Or is this simply an Nvidia market?
Long-Term View - AMD Puts
But wait! There are legitimate reasons to have AMD optimism in the long run, which we will walk through below.
But let’s first acknowledge Instinct bulls’ timing is way too optimistic.
As a reference point: How long did it take AMD to chip away at Intel’s x86 share?
It took 20+ quarters of grinding to get to 20% market share. Five years.
If server CPU market share took five years to approach the leader, what makes anyone think AI accelerators will be any different, or even faster?

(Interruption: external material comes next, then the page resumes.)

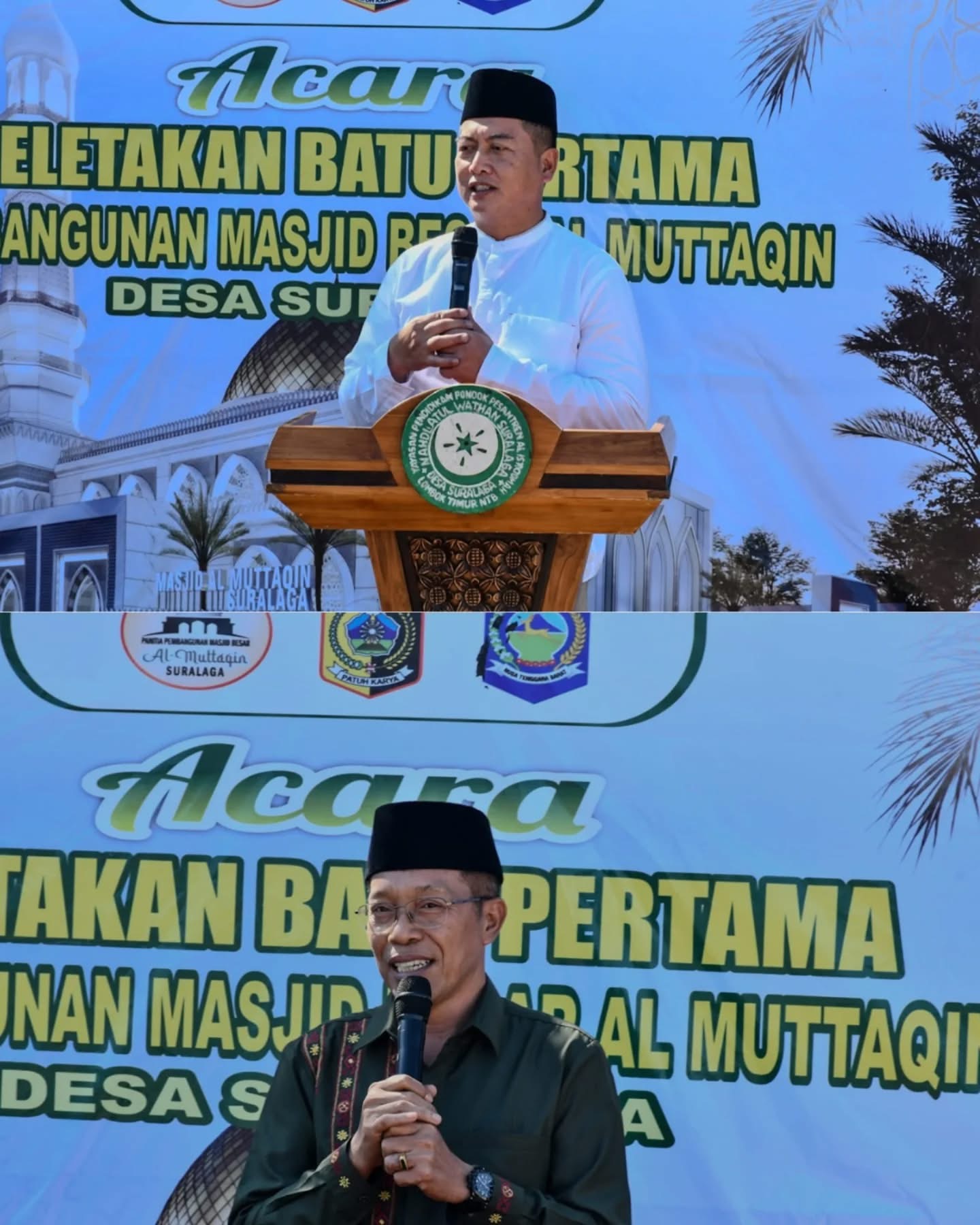 Lombok Timur || Gatanews.id Sekertaris Daerah Kabupaten Lombok Timur(Lotim) H. Muhammad Juaini Taofik menghadiri acara peletakan batu pertama di masjid Al-Muttaqin Suralaga yang dihadiri langsung oleh gubernur Nusa tenggara barat (NTB) berserta jajarannya, Dan dihadiri pula oleh anggota DPRD Lombok Timur, Koramil,camat, kades, tokoh agama dan tokoh masyarakat pada ahad (26/4/2026).

But it’s investors who have the timing wrong, not AMD. Building up an AI accelerator business from scratch is a marathon. And that’s exactly what Lisa has been saying. From her June 2024 interview with Ben Thompson,
LS: I would say it a different way, we are at the beginning of what AI is all about. One of the things that I find curious is when people think about technology in short spurts. Technology is not a short spurt kind of sport, this is like a 10-year arc we’re on, we’re through maybe the first 18 months. From that standpoint, I think we’re very clear on where we need to go and what the roadmap needs to look like.
Lisa is playing the long game.
The challenge, then, is to build a compelling case for why AMD’s methodical approach will ultimately pay off. What arguments can we make for AMD making strides in the long run?
1) ASICs are not perfect substitutes for GPUs
Broadcom’s CEO Hock Tan dropped a bombshell on their Dec ‘24 earnings call:
As you know, we currently have three hyper-scale customers who have developed their own multi-generational AI XPU road map to be deployed at varying rates over the next three years. In 2027, we believe each of them plans to deploy one million XPU clusters across a single fabric. We expect this to represent an AI revenue serviceable addressable market, or SAM, for XPUs and network in the range of $60 billion to $90 billion in fiscal 2027 alone.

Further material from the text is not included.